Stretching about 225 inches long, this Buick coupe is roughly the same length as a 2016 Chevrolet Suburban full-size SUV. You might expect the Electra to handle like the proverbial Yank Tank, bobbing and bouncing its way down the road, with a pillow-like ride guaranteed to lull you to sleep – or cause seasickness.

Just like the exterior, the interior is brown
Just like the exterior, the interior is brown

It’s intimidating, until you drive it. For starters, the cabin is a riot of brown-on-brown; from the seats to the dashboard, and the doors to the floors, there is one (and only one) predominate color in this car. Hint: It’s brown.

However, getting comfortable is as simple as stretching out on the expansive front bench seat. The thin plastic rim of the steering wheel and column-shift automatic transmission lever are right where you want them. And compared to the claustrophobic cabins of so many modern cars – with their narrow greenhouses and tall center consoles – it’s amazing how light and airy this cabin feels.

The rectangular-shaped speedometer stretches to 120 miles per hour and, based on the rumble from the 455-cubic inch V8 under the helipad-sized hood, you’d sweat this car is good for it. Nice and classy touches include cursive script font on the dashboard, denoting the climate control levers on the lower left-hand side of the dash, or the gentle reminder to “Fasten Seat Belts,” placed just above where the steering column meets the dash.

454 V8 packs plenty of power to propel the big car
454 V8 packs plenty of power to propel the big car

Punch the gas pedal and you had better have those belts fastened!
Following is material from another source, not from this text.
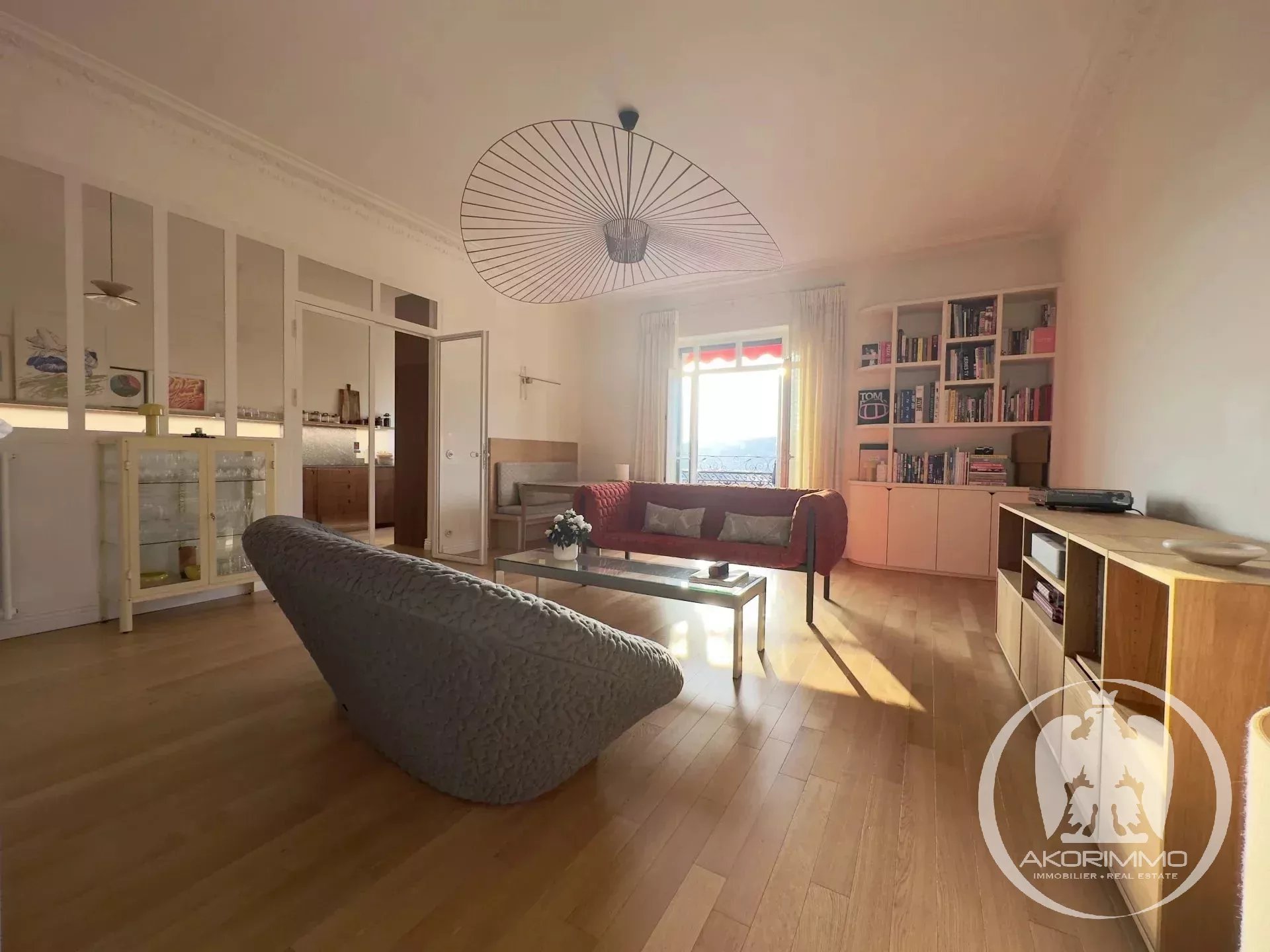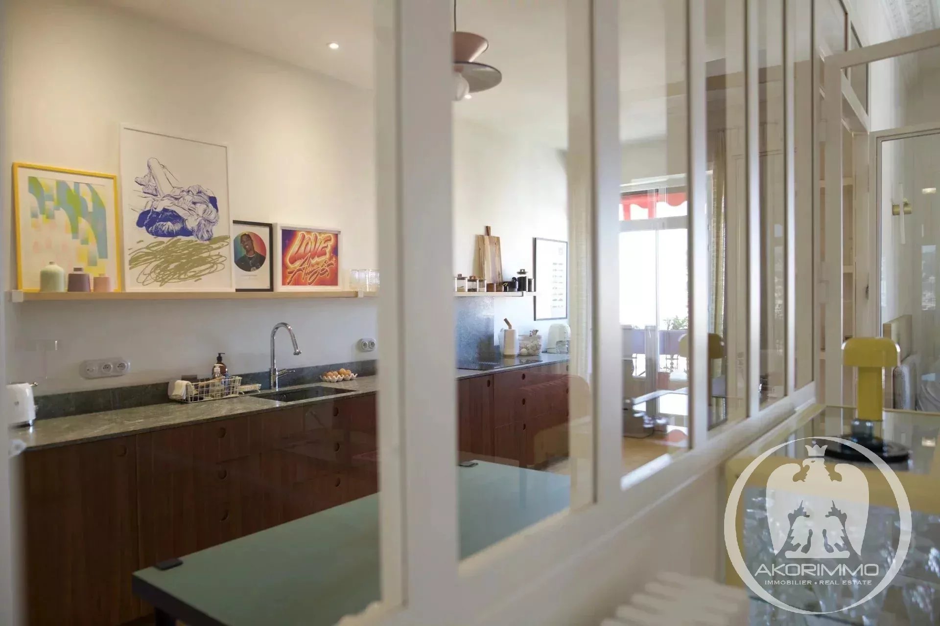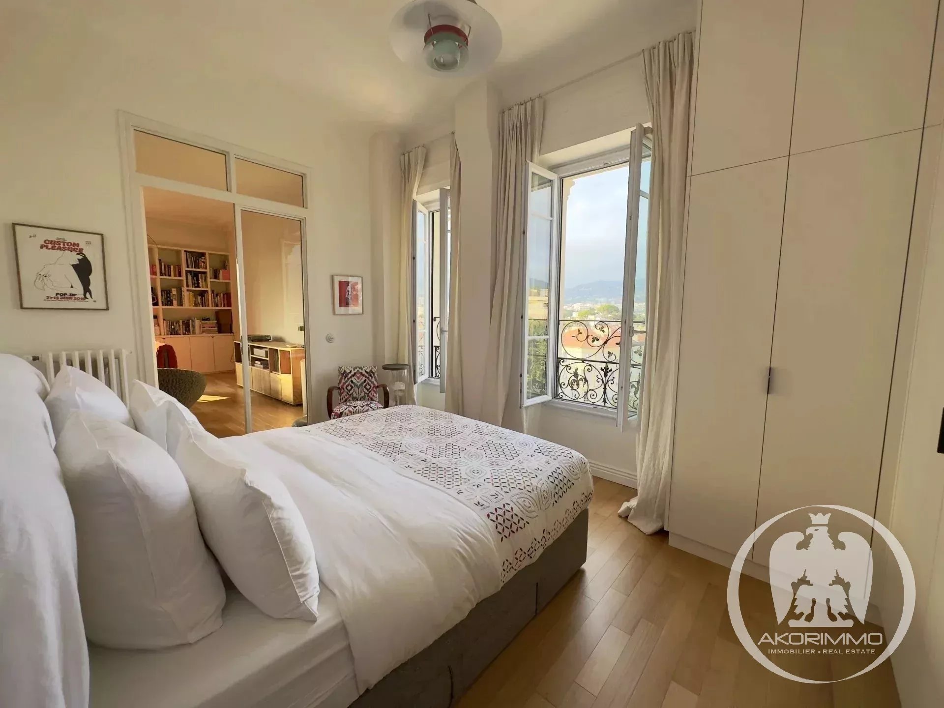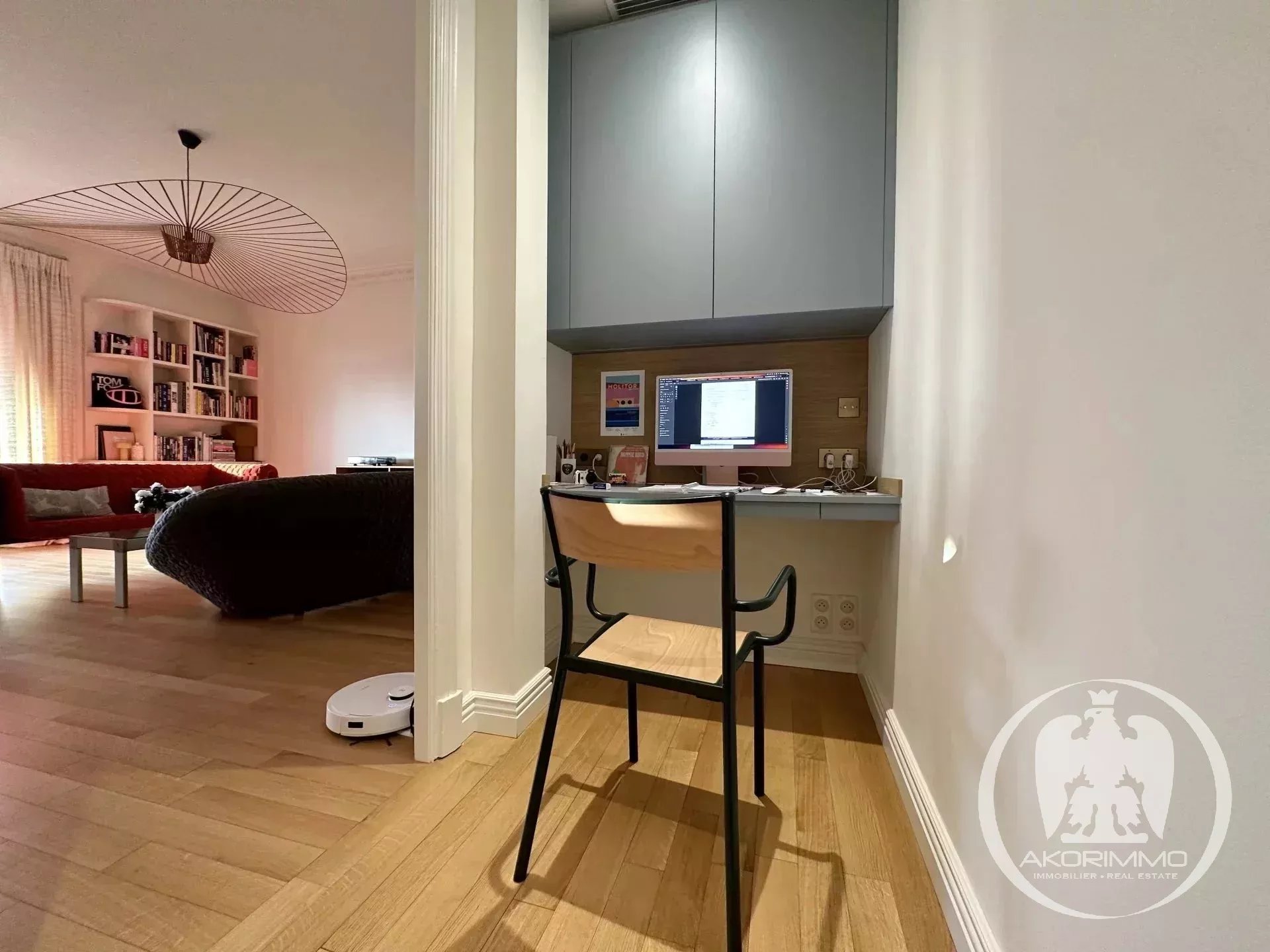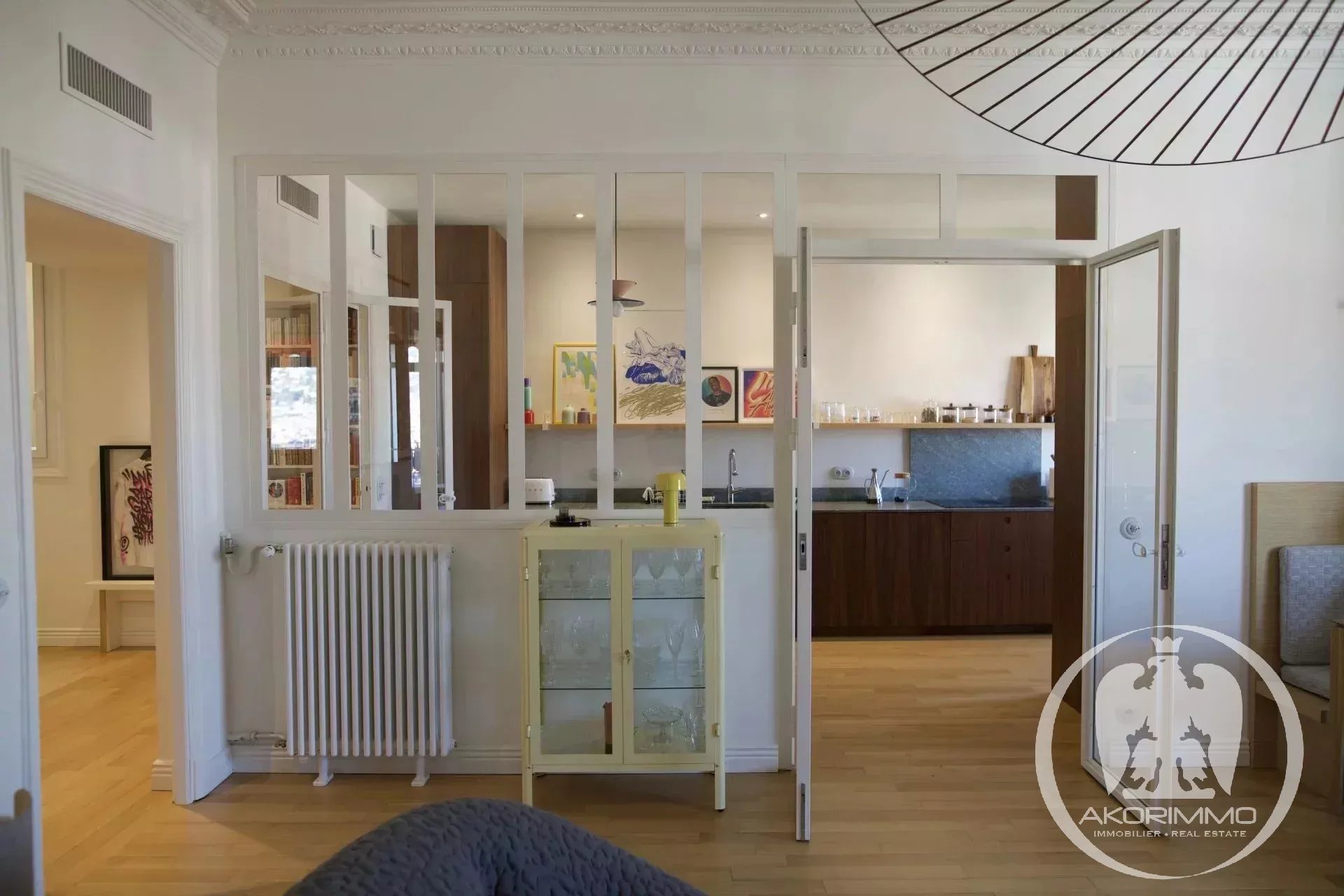 Appartement - 4 pièces - 129m² - rénové - 970.000 euros - A vendre Situé dans un des plus prestigieux palais de Nice, aux portes du centre ville, cet appartement vous séduira par sa rénovation de goût et son ambiance chaleureuse. Vous serez notamment charmé par ses volumes et sa luminosité. Le hall d'entrée aménagé se prolonge vers un coin nuit disposant de deux chambres exposées Est, dont une de 18,5m², comportant chacune un placard intégré. Une belle salle de bain familiale avec baignoire sabot et douche à l'italienne complète l'endroit. Le couloir mène également vers un vaste espace comprenant une pièce de vie avec son balcon, offrant une vue panoramique sur les toits de la ville, les collines et la mer. Une grande cuisine équipée et agrémentée d'un coin repas, fermée par une grande verrière, confère un sentiment d'espace et une luminosité maximale aux lieux. A partir du séjour vous accédez à une troisième chambre exposée Nord avec ses deux fenêtres et ses nombreux rangements. Un coin bureau a été aménagé dans le couloir et l'appartement dispose de toilettes séparés avec lave-main. Le bien a été rénové en 2021 avec l'aide d'un architecte d'intérieur. Les différents espaces ont été judicieusement optimisés à cette occasion avec de très nombreux rangements intégrés et sur mesure. Parquet massif dans toutes les pièces et matériaux de qualité équipent les lieux. En outre, une climatisation gainée à été intégrée dans les travaux ce qui s'ajoute au confort de ce magnifique appartement.

This Buck moves, quickly! The 370-horsepower on tap manages to get the Electra off the line sharply, but the real fun begins when there are some curves in the road.

Plowing into corners, the Electra leans hard, then settles and digs in as much as possible. Yes, we got the rear tires to emit a nice and steady squeal on a couple of occasions, while flinging the car around the NB Center’s private test track. In fact, we started to imagine Gene Hackman or Steve McQueen was hot on our heels, gunning it hard on the mean streets of Brooklyn or the launch-pad roads of San Francisco. Yes, we know, those were Pontiacs, Mustangs, and Dodges… but you get the point.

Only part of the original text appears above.